UNITED STATES

SECURITIES AND EXCHANGE COMMISSION

Washington, D.C. 20549

 

FORM 8-K

CURRENT REPORT

Pursuant to Section 13 or 15(d) of the

Securities Exchange Act of 1934

Date of Report (Date of earliest event reported): May 1, 2012

 

Limoneira Company

(Exact name of registrant as specified in its charter)

 

Delaware   001-34755   77-0260692
(State or other jurisdiction   (Commission File Number)   (I.R.S. Employer Identification
of incorporation)       No.)

 

1141 Cummings Road

Santa Paula, CA 93060

(Address of principal executive offices and zip code)

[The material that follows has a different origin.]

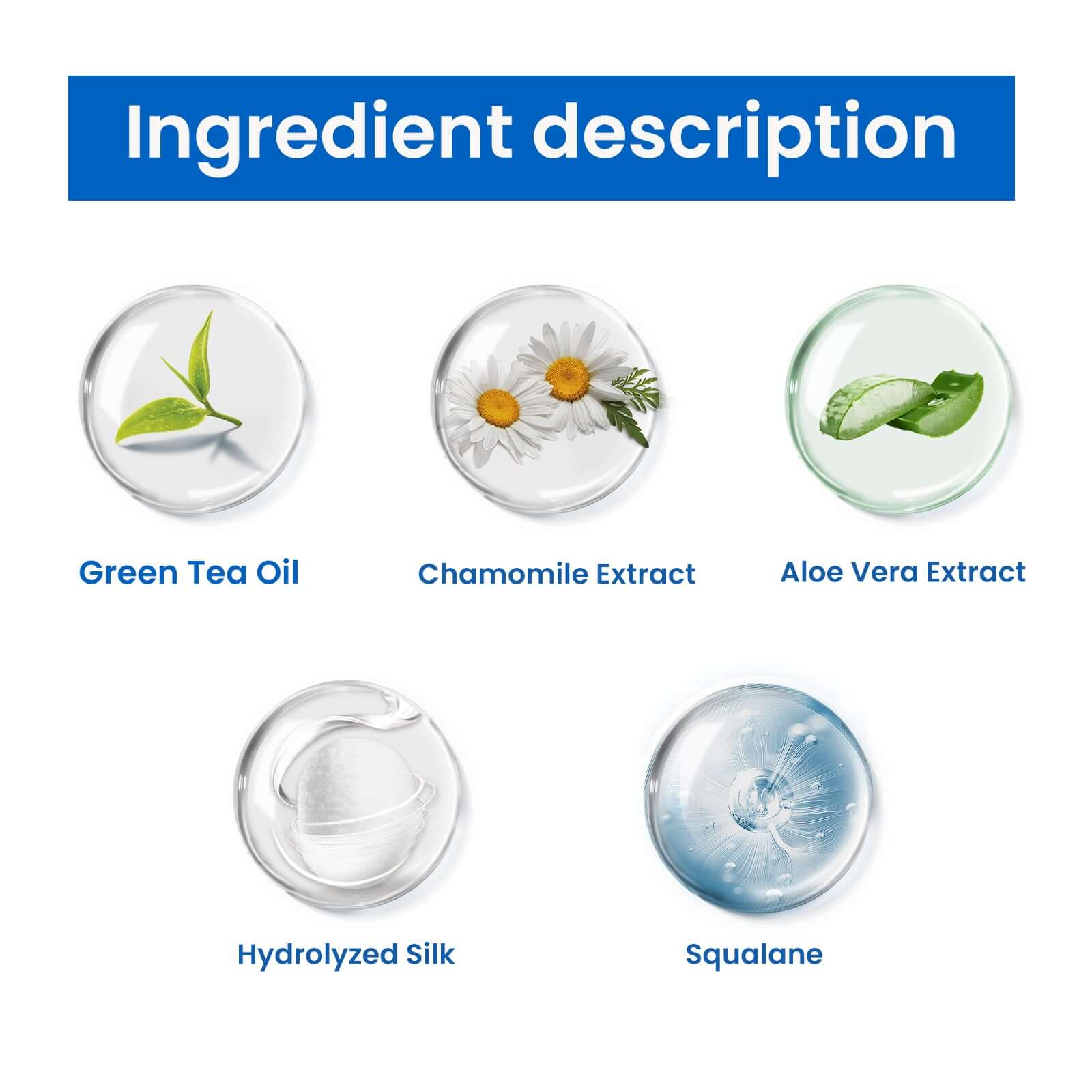 Our gentle makeup remover wipes are enriched with chamomile extract, aloe vera, and green tea oil. They effortlessly remove even waterproof makeup while remaining mild on the skin. This refreshing formula quickly lifts away dirt, excess oil, and impurities without leaving any greasy residue

Registrant’s telephone number, including area code: (805) 525-5541

Check the appropriate box below if the Form 8-K is intended to simultaneously satisfy the filing obligation of the registrant under any of the following provisions:

¨ Written communications pursuant to Rule 425 under the Securities Act (17 CFR 230.425)

¨ Soliciting material pursuant to Rule 14a-12 under the Exchange Act (17 CFR 240.14a-12)

¨ Pre-commencement communications pursuant to Rule 14d-2(b) under the Exchange Act (17 CFR 240.14d-2(b))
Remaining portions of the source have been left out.